MEMS sensors are particularly crucial in this field, widely used in wearable and mobile devices due to their small size and low energy consumption. These sensors can detect subtle gesture changes, like slight finger movements or palm rotations, converting these physical actions into digital signals. With tinyML technology, these devices can process this data in real-time without relying on high-performance computing resources, providing accurate gesture recognition.


Gesture recognition technology has significant applications in various fields. In smart homes, users can control various intelligent devices, such as lights, speakers, and even curtains, with simple gestures. In virtual reality (VR) and augmented reality (AR), this technology offers a more natural and intuitive way of interaction, enhancing the immersive experience. Additionally, gesture recognition plays a vital role in assistive technology, aiding individuals with communication or physical limitations in effectively interacting and controlling electronic devices.



Bangle.js is an open-source smartwatch offering a hackable approach for users to play with and personalize their watch. In the link provided, they showcase a method using TinyML for gesture learning. This allows you to control watch functions with gestures trained by yourself, enabling a highly customizable and interactive experience.

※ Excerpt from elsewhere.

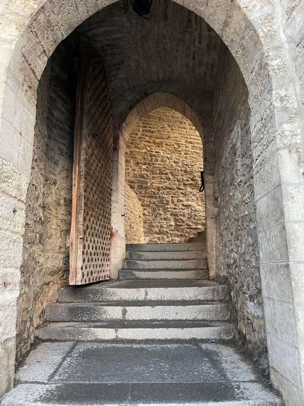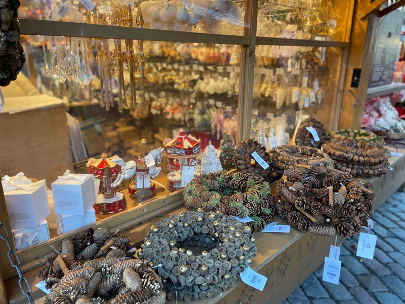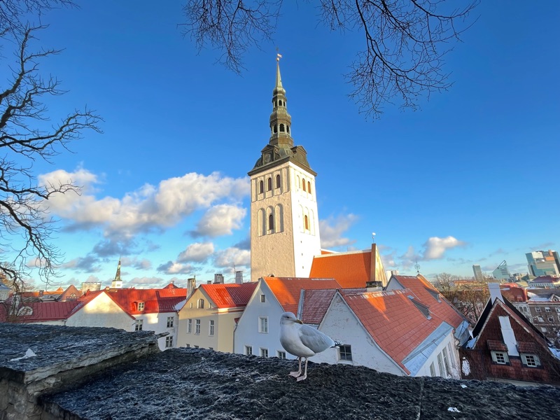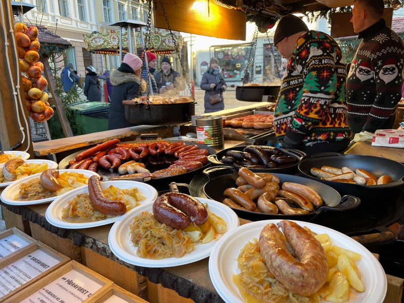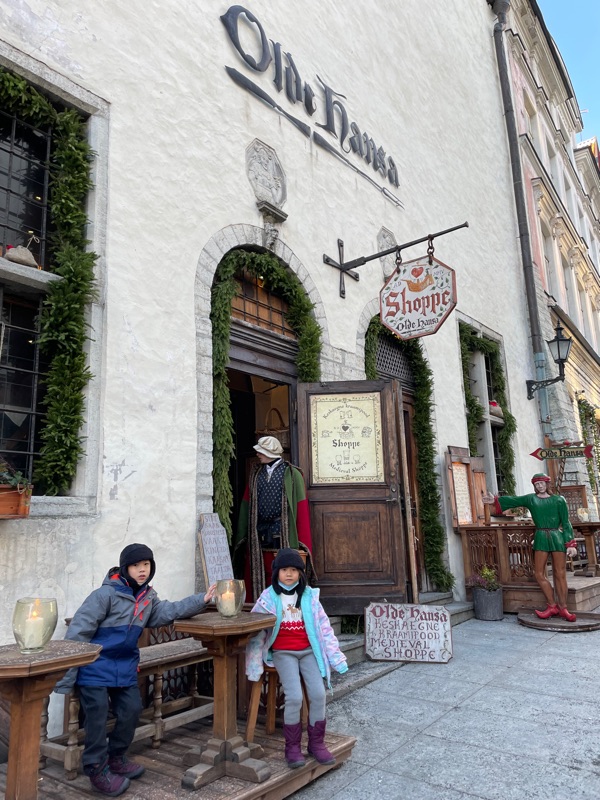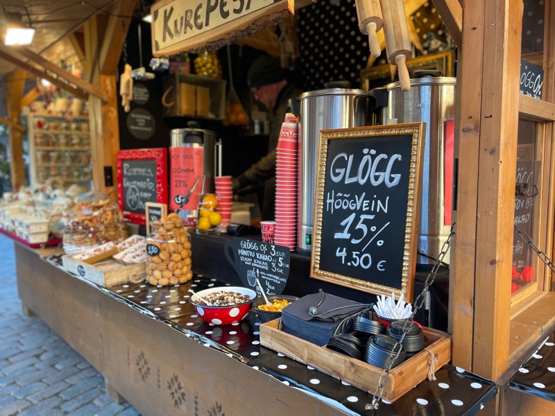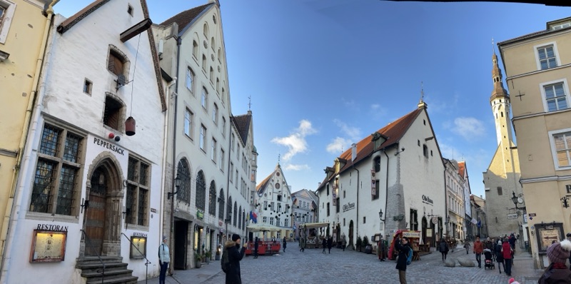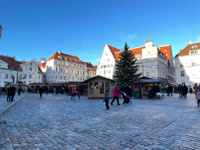 沿途漫步欣賞著塔林新舊建築交織的衝突美感,最後抵達viru gate 維魯門。成對的老城門建於14世紀,城牆便從此處延伸出去。今天是聖誕夜城門前的花店應景擺滿了紅紅綠綠的檞寄生。沿著維魯街往市政廳廣場走,兩旁都是鱗次櫛比的餐廳酒吧紀念品店。今天的市政廳廣場有聖誕市集加持,顯得格外熱鬧。熙來攘往的人們,令人食指大動的特色小吃和熱果汁熱紅酒,空氣中歡欣洋溢,這個時節來歐洲真的很有過節的氣氛!
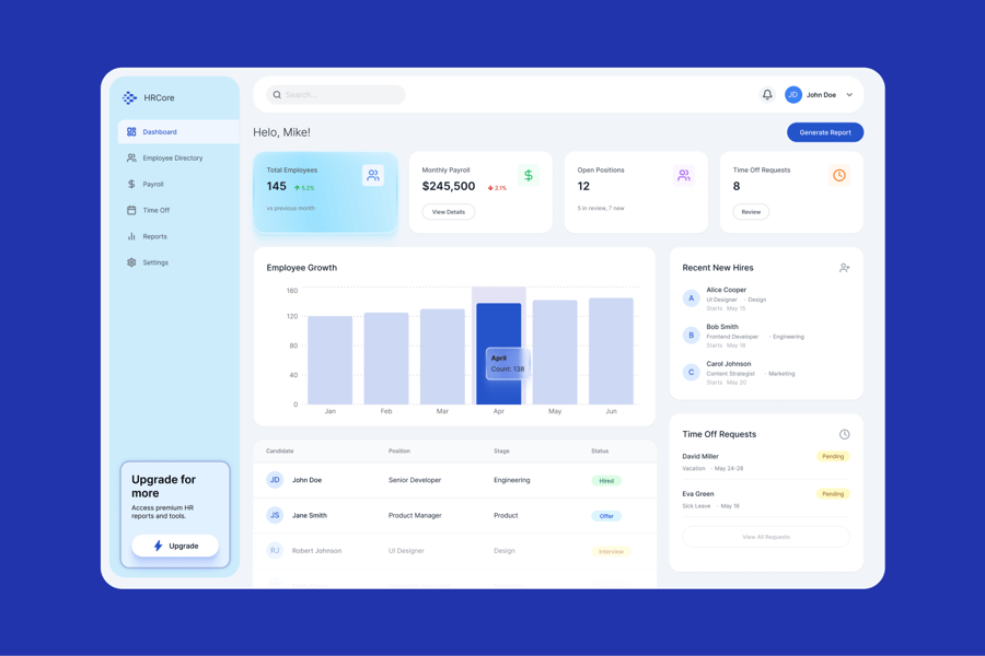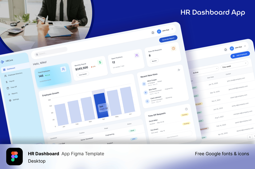 一个简洁现代的 UI 模板,专为人力资源团队设计,方便轻松管理员工。此 Figma 文件包含两个关键页面:

Following this tutorial, you might even attempt to replicate the Apple Watch's finger pinching or fist clenching control methods.

Here is the link to their specific implementation method:

"Bangle.js and Edge Impulse for Machine Learning - Espruino."

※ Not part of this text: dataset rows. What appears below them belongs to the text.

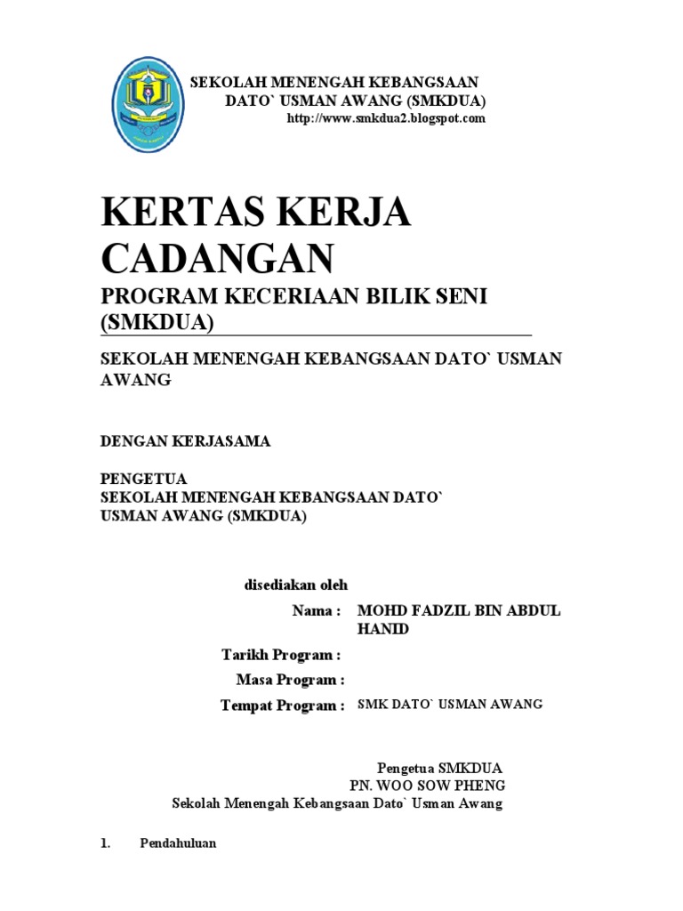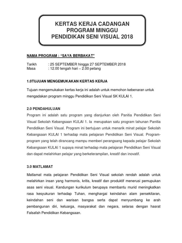 Contoh Kertas Kerja Pendidikan Seni Visual Sekolah Rendah
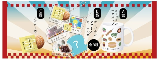 さらに!9月4日(木)~9月7日(日)までの期間中に「亀屋万年堂総本店」にて1,500円(税込)ごとお買い上げいただいた方へオリジナルグッズが当たるガチャポン抽選会を実施いたします。亀屋万年堂の商品をイラストにしたオリジナルマグカップやオリジナルアクリルキーホルダー5種類(ランダム)、ナボナが当たる、はずれなしの抽選会です。オリジナルグッズが手に入るのは総本店だけ!ぜひお得なこの機会に亀屋万年堂総本店へお越しください。
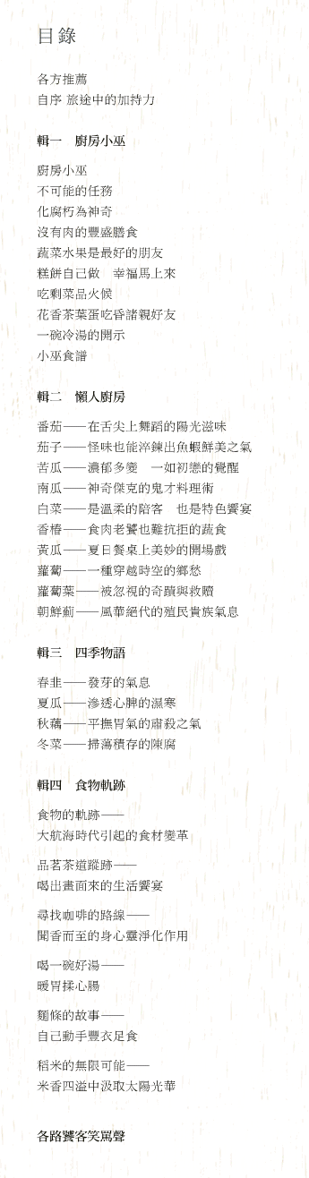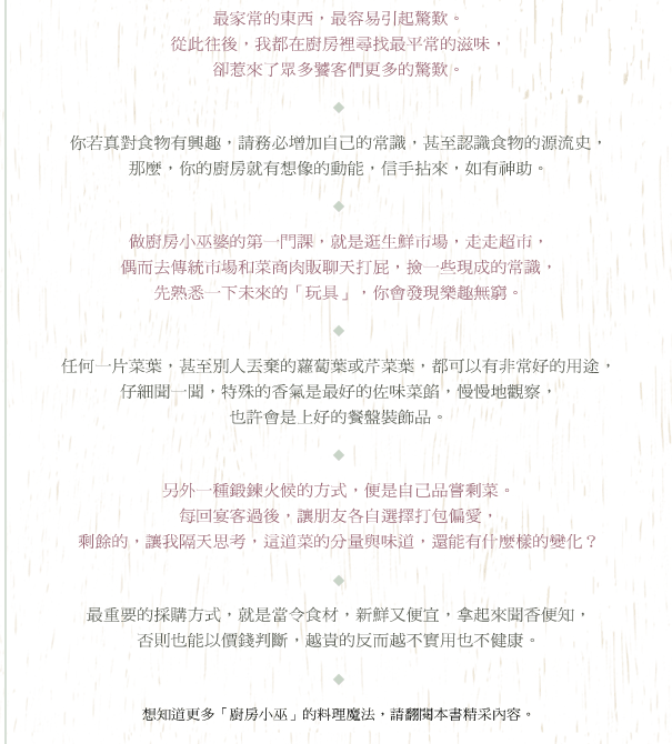 廚藝不精的入門巫婆,必須雙向進行,先不要嚇倒自己,功虧一簣。也就是說,不要去買那些看起來精美卻製作繁複的食譜,既不能立刻產生功效,更常常教人洩氣,弄不清程序分量與火候,徒然浪費寶貴時間與材料,打擊士氣還不打緊,自尊心受損可很難復原。

If you find the above method challenging, I also recommend checking out this more basic tutorial based on ESP32 and TinyML:

"Gesture Classification with Esp32 and TinyML."



With the rapid advancement of TinyML technology, we can now implement complex machine learning applications on a variety of miniature devices. As demonstrated by the five TinyML projects discussed above, this technology has penetrated every aspect of our daily lives: from electronic tongues monitoring water quality to smartwatches recognizing gestures, from electronic noses analyzing odors to electronic ears identifying environmental sounds, and the application of machine vision in small devices. These innovations showcase TinyML's immense potential in edge computing and real-time data analysis.


Furthermore, TinyML's applications extend beyond portable and low-power devices, playing a crucial role in data privacy and reducing energy consumption. By processing data locally, TinyML minimizes the need for data transmission, thus lowering energy consumption and protecting user privacy. This is particularly important for applications with strict requirements for data security and energy efficiency.


Additionally, TinyML has invaluable applications in the industrial sector, with equipment fault detection and predictive maintenance being crucial.


In summary, TinyML is opening up a new world, enabling us to interact with our surroundings in unprecedented ways. As technology continues to advance, we can expect TinyML to bring more innovations and changes, making our lives smarter and more convenient.